## Dataset section:
++++

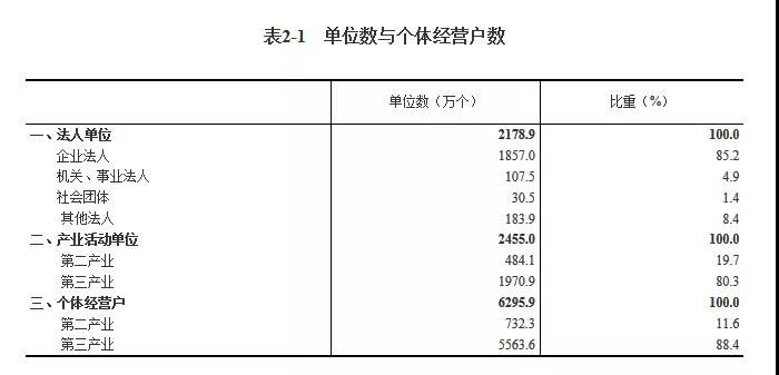 2018年末,全國共有從事第二產業(yè)和第三產業(yè)活動的法人單位2178.9萬個,比2013年末(2013年是第三次全國經濟普查年份,下同)增加1093.2萬個,增長100.7%;產業(yè)活動單位2455.0萬個,增加1151.5萬個,增長88.3%;個體經營戶6295.9萬個(詳見表2-1)。
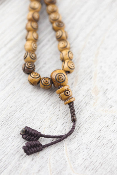 Muchas prácticas budistas giran en torno a la impermanencia. Vivimos sólo en el momento presente y es útil recordar que nada dura. Las joyas de hueso ocupan un lugar destacado en el simbolismo tibetano y a muchos de nuestros clientes de DharmaShop les gusta este recordatorio de que nada dura para siempre.
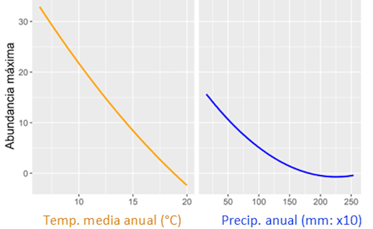 Para predecir cómo se enfrentarán las especies al cambio climático, utilizamos modelos matemáticos. Con ellos relacionamos la abundancia de cada especie con la temperatura y la precipitación registrada en cada lugar. Después, utilizamos esos modelos para predecir cuál será la abundancia de la especie en el clima futuro. Así podemos saber si se espera un aumento o reducción de sus poblaciones y dónde ocurrirán estos cambios.

++++

## What to produce:
Working from the material above, transcribe it exactly while omitting pictures.

## Exercise solution:
 2018年末,全國共有從事第二產業(yè)和第三產業(yè)活動的法人單位2178.9萬個,比2013年末(2013年是第三次全國經濟普查年份,下同)增加1093.2萬個,增長100.7%;產業(yè)活動單位2455.0萬個,增加1151.5萬個,增長88.3%;個體經營戶6295.9萬個(詳見表2-1)。
 Muchas prácticas budistas giran en torno a la impermanencia. Vivimos sólo en el momento presente y es útil recordar que nada dura. Las joyas de hueso ocupan un lugar destacado en el simbolismo tibetano y a muchos de nuestros clientes de DharmaShop les gusta este recordatorio de que nada dura para siempre.
 Para predecir cómo se enfrentarán las especies al cambio climático, utilizamos modelos matemáticos. Con ellos relacionamos la abundancia de cada especie con la temperatura y la precipitación registrada en cada lugar. Después, utilizamos esos modelos para predecir cuál será la abundancia de la especie en el clima futuro. Así podemos saber si se espera un aumento o reducción de sus poblaciones y dónde ocurrirán estos cambios.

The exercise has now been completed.